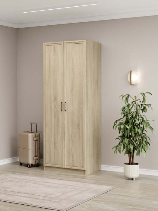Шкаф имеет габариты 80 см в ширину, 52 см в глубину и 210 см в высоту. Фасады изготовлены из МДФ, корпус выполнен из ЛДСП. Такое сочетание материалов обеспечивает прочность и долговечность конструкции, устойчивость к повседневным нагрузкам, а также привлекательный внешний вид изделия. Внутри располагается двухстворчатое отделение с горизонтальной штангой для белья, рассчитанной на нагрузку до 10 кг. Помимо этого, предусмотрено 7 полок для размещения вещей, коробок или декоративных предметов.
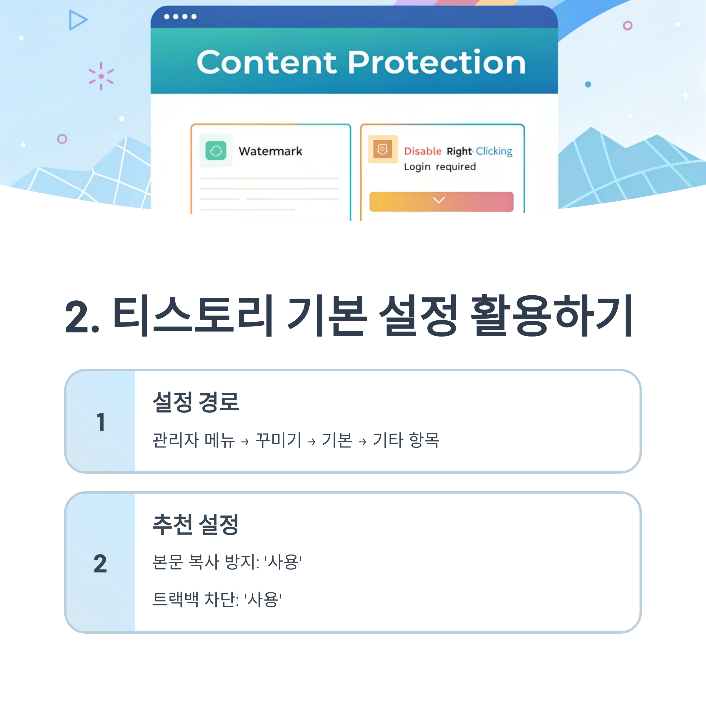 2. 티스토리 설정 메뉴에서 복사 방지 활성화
# # # # #
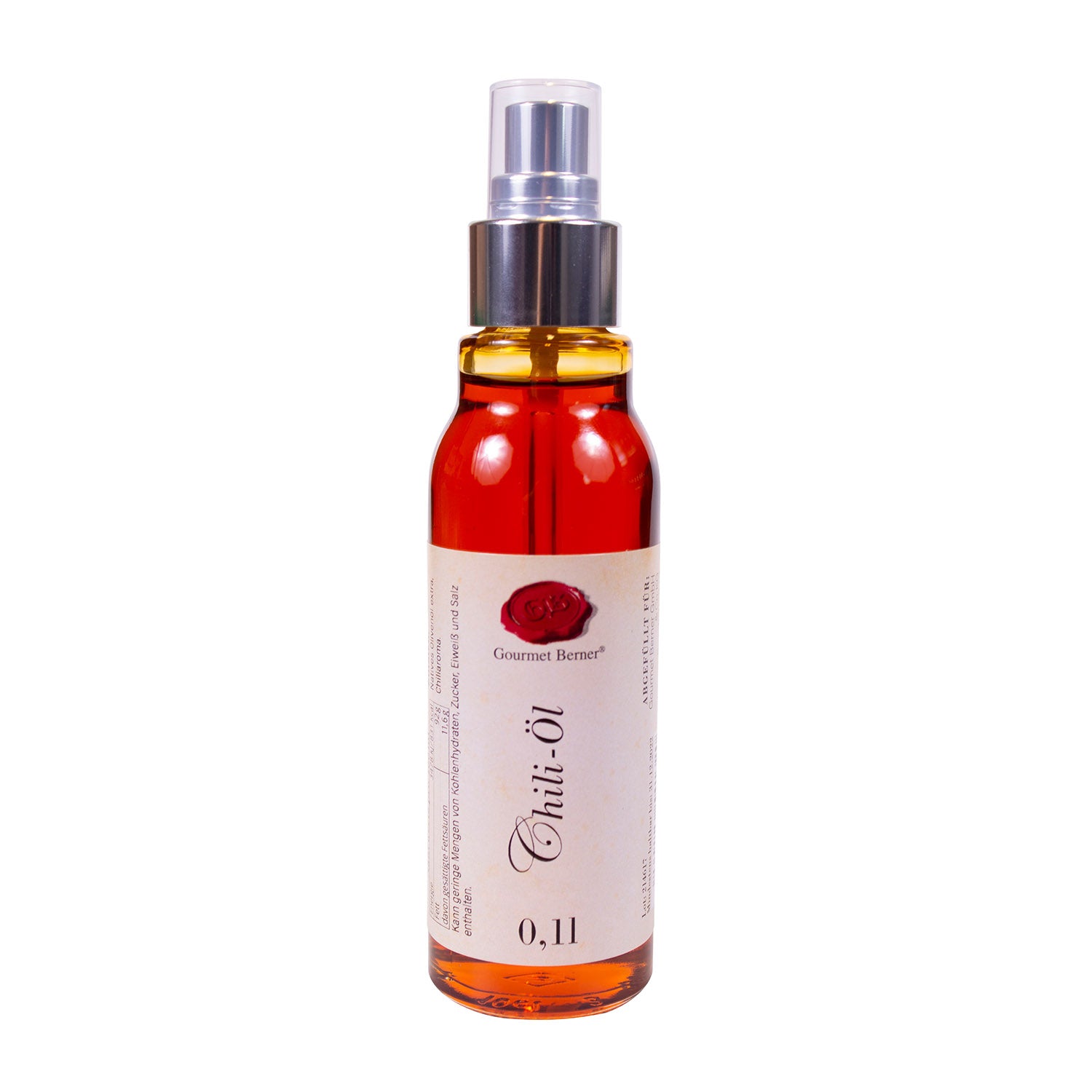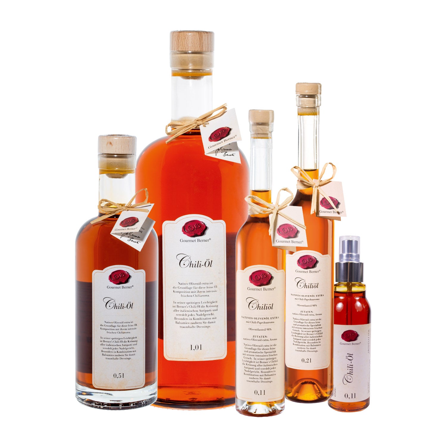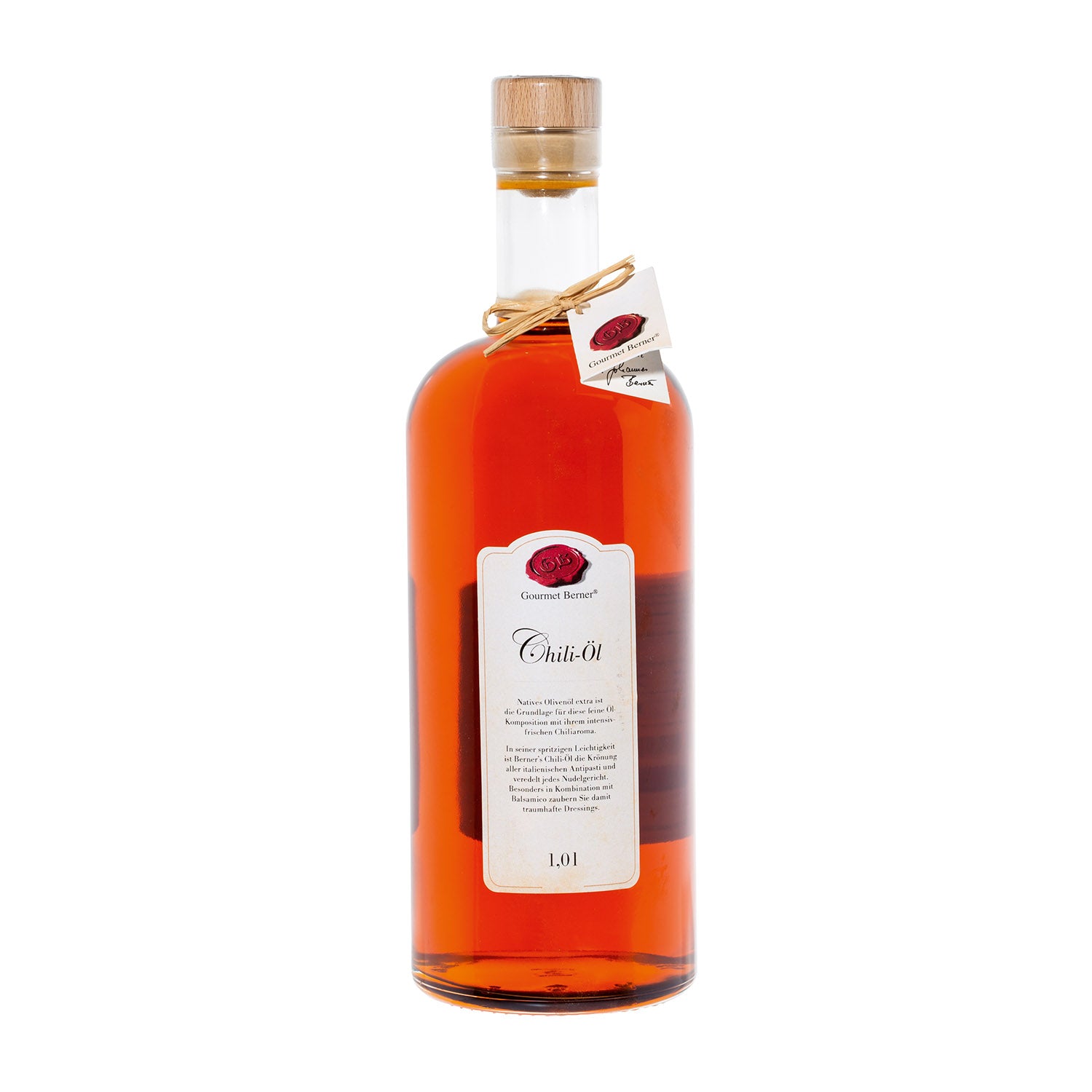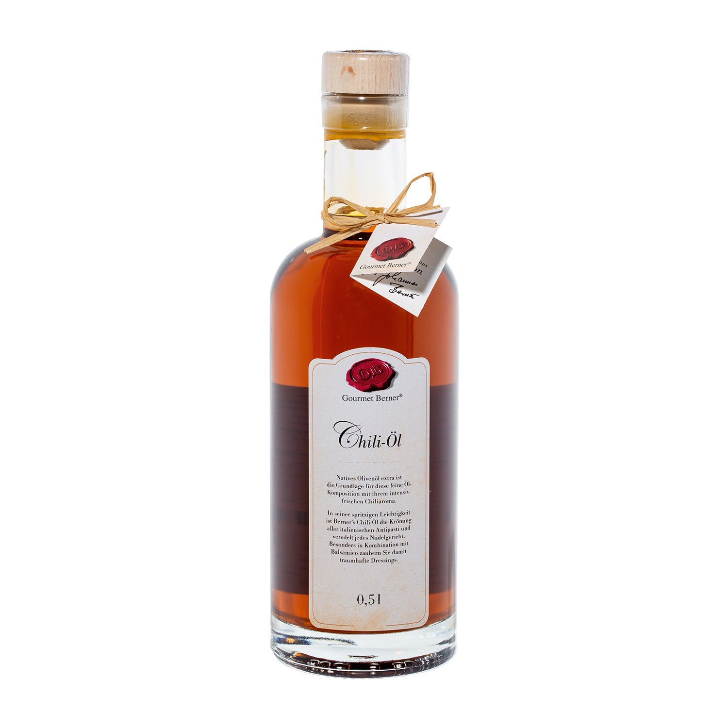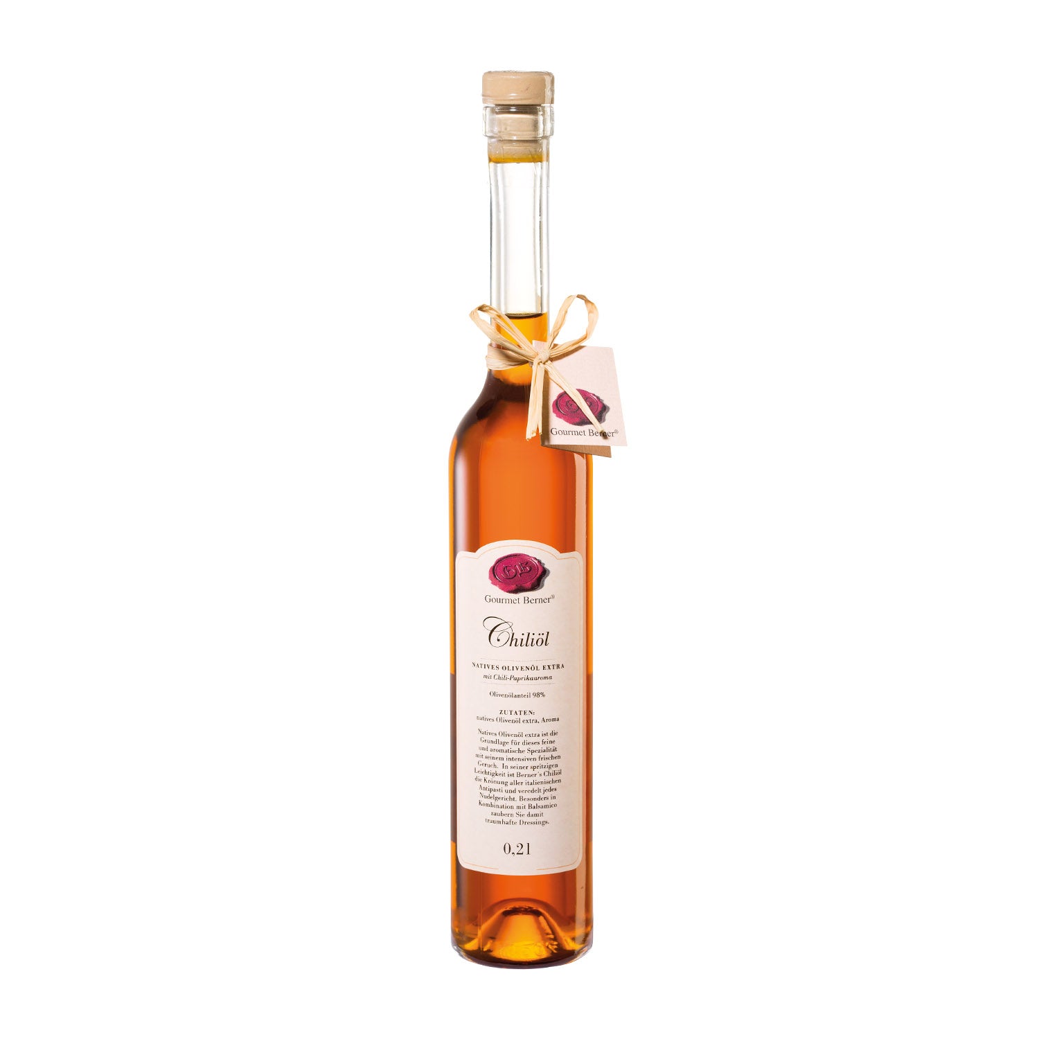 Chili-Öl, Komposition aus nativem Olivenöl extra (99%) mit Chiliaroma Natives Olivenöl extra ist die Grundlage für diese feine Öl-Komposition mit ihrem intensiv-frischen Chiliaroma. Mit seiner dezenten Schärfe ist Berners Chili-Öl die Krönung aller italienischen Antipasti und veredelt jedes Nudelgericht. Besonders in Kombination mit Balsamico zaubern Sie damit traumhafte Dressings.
# # # # #
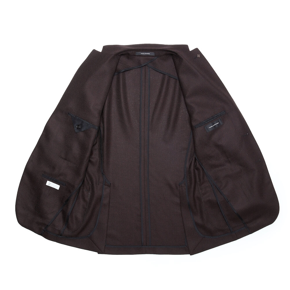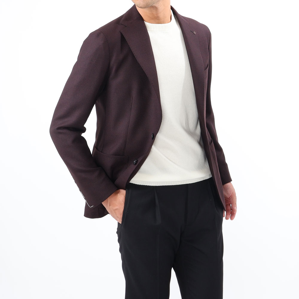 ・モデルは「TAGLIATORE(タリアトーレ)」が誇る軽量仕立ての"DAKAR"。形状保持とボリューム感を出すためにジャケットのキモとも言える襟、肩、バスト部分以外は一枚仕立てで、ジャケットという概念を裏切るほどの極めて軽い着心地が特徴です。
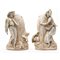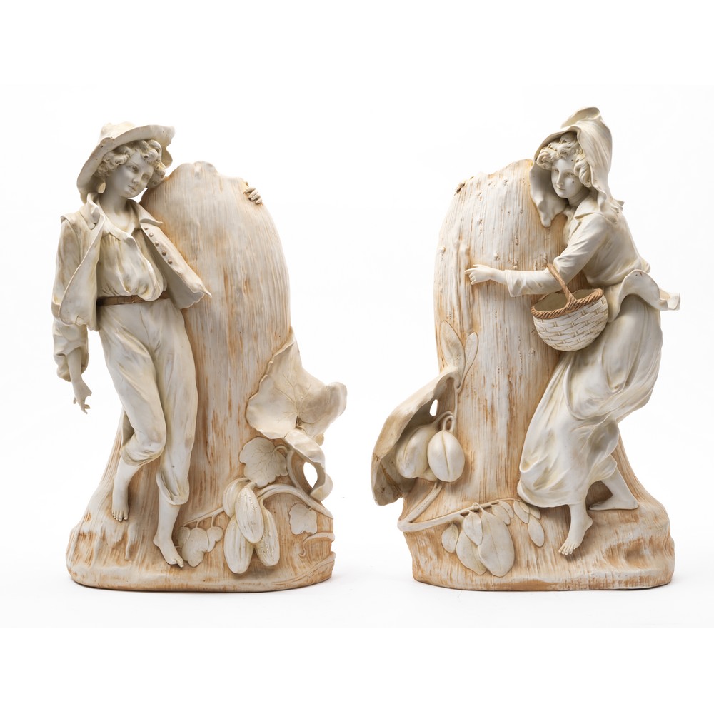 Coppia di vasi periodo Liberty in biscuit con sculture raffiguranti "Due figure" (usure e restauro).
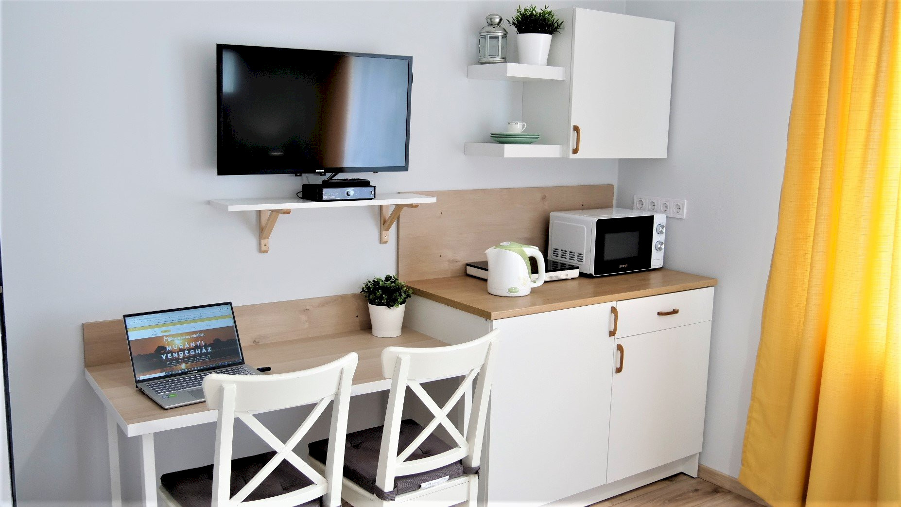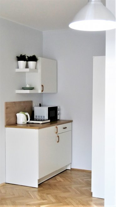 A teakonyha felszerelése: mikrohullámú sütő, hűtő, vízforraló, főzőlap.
# # # # #
[ACTIVITY]: Starting at the line containing "Coppia di vasi" and stopping at the line containing "A teakonyha felszerelése: mikrohullámú", output each line exactly as it appears above. Leave out the pictures.

[FINISHED EXERCISE]:
 Coppia di vasi periodo Liberty in biscuit con sculture raffiguranti "Due figure" (usure e restauro).
 A teakonyha felszerelése: mikrohullámú sütő, hűtő, vízforraló, főzőlap.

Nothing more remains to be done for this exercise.